For many on Wall Street, Jerome Powell did not deliver the "hawkish hold" that investors expected, sparking a stock and bond rally. While he did not rule out another rate hike, the market now believes the Fed is done.
Traders were encouraged after Powell stated that the current tightening cycle has progressed significantly and that officials are "proceeding carefully." The S&P 500 was trading near session highs, up more than 1%. Ten-year US interest rates fell 18 basis points to 4.75%, owing to the Treasury's plans to slow the rate of increase in long-term debt sales. Swaps for January show a peak rate of 5.41%, which equates to only eight basis points more hikes.
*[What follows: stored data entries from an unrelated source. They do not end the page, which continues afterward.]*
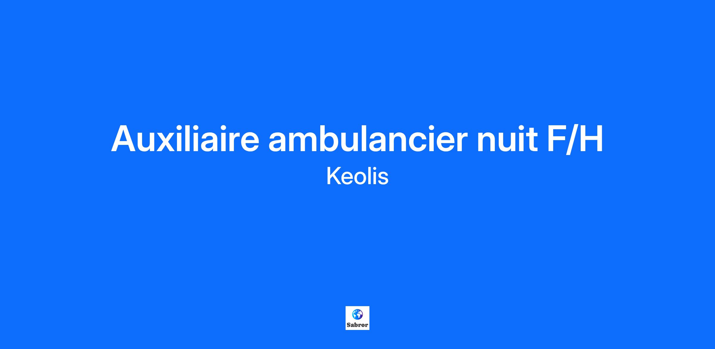 Auxiliaire ambulancier nuit F/H Exploitation Leader dans le secteur du transport sanitaire, Jussieu Secours œuvre chaque jour à la proposition de services de haute qualité, que ce soit pour les transports programmés ou les transports d’urgence. Parce que l’humain est au cœur de notre métier, nous nous engageons pour le bien-être des patients que nous transportons mais aussi de nos salariés en proposant des outils et solutions innovantes qui font évoluer le métier. Contexte Afin de développer notre activité Keolis Santé Nord Finistère, nous lançons un appel à candidature pour le poste d’Auxiliaire Ambulancier F/H NUIT . Missions A ce poste, vous serez en charge de : Prendre en charge/brancarder les patients en assurant leur confort Assurer les gestes et soins d'urgence en cas de besoin Conduire des véhicules sanitaires en respectant le code de la route Nettoyer et désinfecter le matériel et la cellule sanitaire Réaliser les tâches administratives afférentes aux missions et assurer la présence des documents et équipements réglementaires dans la cellule sanitaire Veiller à l'état de marche du véhicule, du matériel de la cellule sanitaire et des moyens de communications et rendre compte des difficultés et anomalies rencontrées Le poste est basé à Brest (29)Profil Pour postuler, il vous faudra être titulaire du Certificat d’Auxiliaire Ambulancier. Vous aimez le contact humain et savez être à l'écoute ? Vous pouvez vous adapter à toutes les situations ? Alors n'hésitez plus à postuler et à vous engager dans un métier qui a du sens ! Ce que nous avons à offrir Une complémentaire santé attractive pour vous et votre entourage avec sa prévoyance Des indemnités repas L’accès à des aides au logement et à un service apportant des solutions bien-être et santé (soutien psychologie, soutien pour l’équilibre vie pro/vie perso, assistance sociale, etc.) Un CSE vous proposant de nombreuses réductions dans multiples enseignes (+ de 300 000 offres de réduction) Planning sur 1 mois (horaire de roulement) Pourquoi nous rejoindre ? Une application stricte des conditions de travail et de la règlementation Des équipements à jour Une formation continue vous permettant d’acquérir de nouvelles compétences Une marque de référence Des évolutions possibles vers des postes de tuteurs/tutrices, régulateurs/régulatrices, responsables opérationnels de proximité, etc. Des possibilités de mobilité géographique au sein de nos différents sites Rejoindre Jussieu Secours, c’est rejoindre un réseau de spécialistes du transport sanitaire passionnés qui vous permettra de vous développer et de vous épanouir dans votre métier. Informations complémentaires "Si votre poste est en lien direct avec la sécurité des personnes vous serez susceptible de faire l'objet d'une enquête administrative. Décret n°2017-757 du 3 mai 2017 et n°2022-770 du 2 mai 2022"
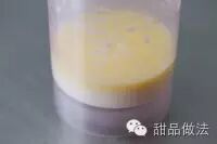 4、蛋液隔水(50度左右)加热至38°。
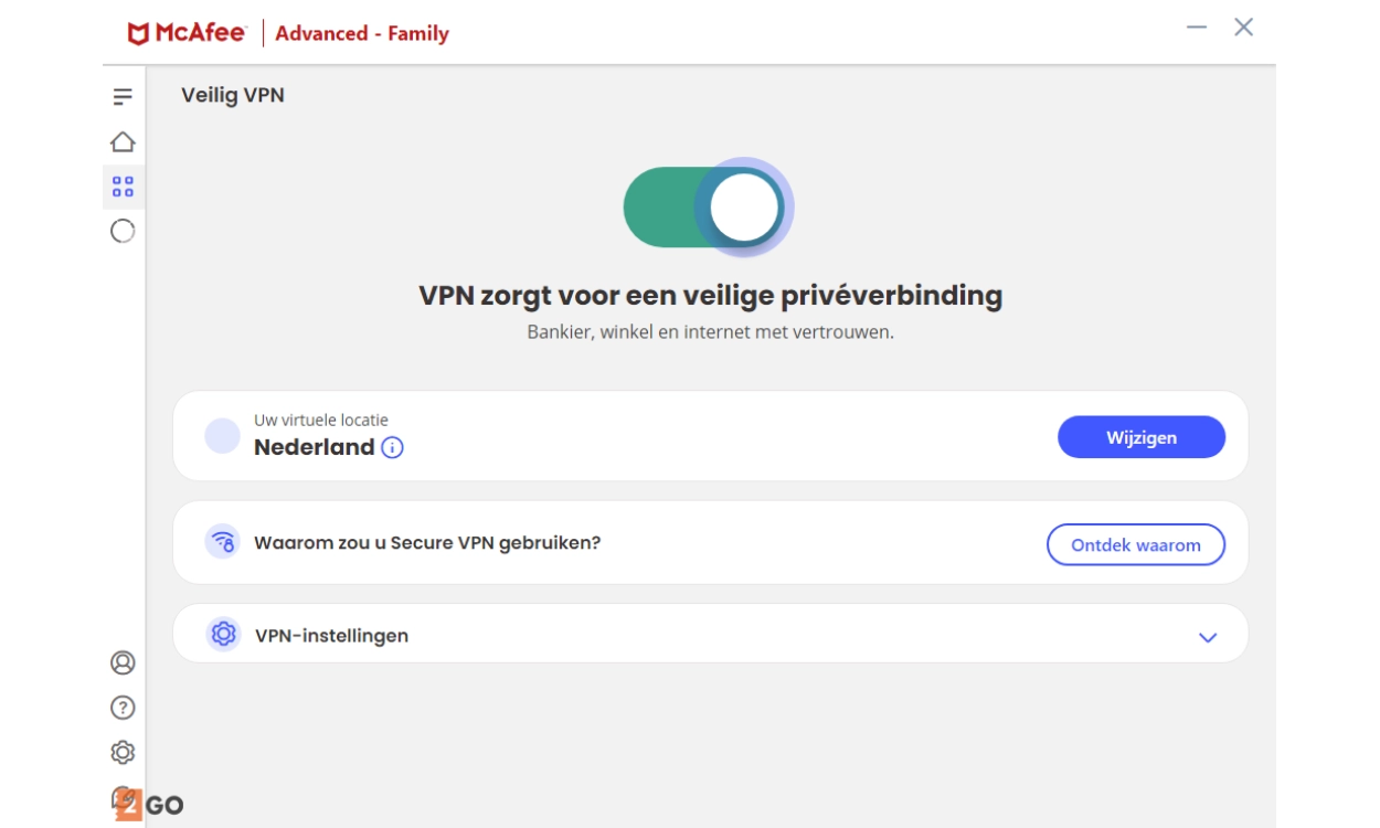- Secure VPN: Versleutelt en beveiligt jouw internetverbinding voor volledige online anonimiteit, wat je ook doet.

Another pertinent aspect of the Fed statement and Powell's subsequent remarks was the mention of the impact of the recent surge in Treasury yields - and how that will affect monetary policy in the future.
The perception is that the massive increase in longer-term rates has effectively completed some of the tightening work that the Fed has been attempting.
The decision kept the benchmark federal funds rate target range unchanged at 5.25% to 5.5%, the highest since 2001, as part of a strategy to slow the pace of rate increases as the Fed nears the end of its tightening campaign. One change was to change their description of the rate of economic growth from "solid" to "strong" to reflect better economic data released since their September meeting.